May the Devil Take You Chapter Two (2020) poster

May the Devil Take You: Chapter Two (2020)

Rating:

(Sebelum Iblis Menjemput: Ayat 2)


Indonesia. 2020.

Crew

Director/Screenplay – Timo Tjahjanto, Producers – Wicky V. Olindo & Timo Tjahjanto, Photography – Gunnar Nimpuno, Music – Rooftop Sound featuring Muhammad Istiqamah Djamad, Makeup Effects – Novie Ariyanti, Art Direction – Antonius Boedy Santoso. Production Company – Frontier Pictures/Legacy Pictures/Rapi Films/Brown Entertainment.

Cast

Chelsea Islan (Alfie), Widika Sidmore (Gadis), Hadijah Shahab (Nara), Baskara Mahendra (Budi), Shareefa Daanish (Jenar), Lutesha (Kristi), Karina Salim (Martha), Arya Vasco (Leo), Aurelie Moeremans (Dewi), Tri Hariono (Ayub)


Plot

Alfie and her daughter Nara have survived the horror house of her father and return to their home in Jakarta. They are abruptly snatched by masked intruders and taken away to a house in the countryside. There Alfie meets a group of seven, the now grown children who were raised in an orphanage run by the vilely abusive Ayub. Ayub intended to sacrifice them to a demon before they came together and killed him in the cellar of the building. They believe he has enacted a curse on them. To remove the curse, they need someone who has confronted the Devil, Alfie, to enact the ritual. Reluctantly agreeing to do so, Alfie finds that she has instead resurrected Ayub who possesses various of the group, determined to kill all of them.


Timo Tjahjanto is one half of the (unrelated) Indonesian directing duo known as The Mo Brothers, the other ‘brother’ being Kimo Stamboel. After first appearing an episode of the anthology Takut Faces of Fear (2008), The Mo Brothers made an extraordinary feature-length debut with the gore-drenched horror film Macabre (2009). They went on from there to make Killers (2014) about a friendship between two serial killers and the non-genre action film Headshot (2016). Timo Tjahjanto then went solo, contributing episodes to several horror anthologies – the completely wild L is for Libido segment of The ABCs of Death (2012), the Safe Haven episode of V/H/S/2 (2013), an episode of Portals (2019) and The Subject segment of V/H/S/94 (2021) – and the full-length horror film May the Devil Take You (2018) and the action films The Night Comes for Us (2018) and The Big Four (2022).

May the Devil Take You was Timo Tjahjanto’s first full-length solo venture into the horror genre. It was a film where he owed a clear debt of inspiration to 1980s works such as The Evil Dead (1981) and Poltergeist (1982) but I felt it was a never a film that seemed to fully fire on all cylinders. That said, it was clearly a success. This is a sequel, featuring a return performance from Chelsea Islan as Alfie, along with Hadijah Shahab as her daughter.

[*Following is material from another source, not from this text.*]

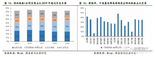 从资产负债表看,快周转意味着用更高比例的预收账款替代有息负债。如果房企加快周转,用销售回款去弥补有息负债,意味着房企的资金来源将偏重于预收账款。从房企资产负债表中看,2019年年中,主流房企预收账款占比已经达到28%,超过有息负债成为负债端最大的一项。快周转房企在这一过程中存在优势,碧桂园、中南置地等房企预收账款加合同负债占比超过40%

Interestingly enough, Timo’s fellow Mo Brother Kimo Stamboel went on to make his second solo film The Queen of Black Magic (2018) just before Timo made this. Both films feature almost identical plots where a group of people return as adults to an orphanage where they are attacked, possessed and killed by the vengeful spirit of an abusive care worker that they ended up killing as children.

Alfie (Chelsea Islan) and daughter Hadijah Shahab hide from the awakened demon in May the Devil Take You: Chapter Two (2020)
Alfie (Chelsea Islan) and daughter Hadijah Shahab hide from the awakened demon

I felt disappointed with May the Devil Take You but when it comes to the sequel, it feels as though Timo Tjahjanto gets the mix of what he was aiming for right. There comes this point when Timo lets all stops out and goes at the film with everything in his arsenal. There’s the very entertaining initial séance with demonic forces unleashed and levitated saw blades going amok, or scenes with the demon getting a taser in its mouth.

The first time you get hit by the kinetic rawness of what Timo unleashes is when young Hadijah Shahab is being pursued through the house by Lutesha and huddles in a room as Lutesha batters her head against the door outside and then hangs onto the frame and is swinging her entire body to kick at the door and batter her way in while hanging sideways in mid-air. The whole film keeps going at a demented pace – it is essentially Timo Tjahjanto turning the furious full tilt action pacing in The Night Comes for Us towards horror film ends.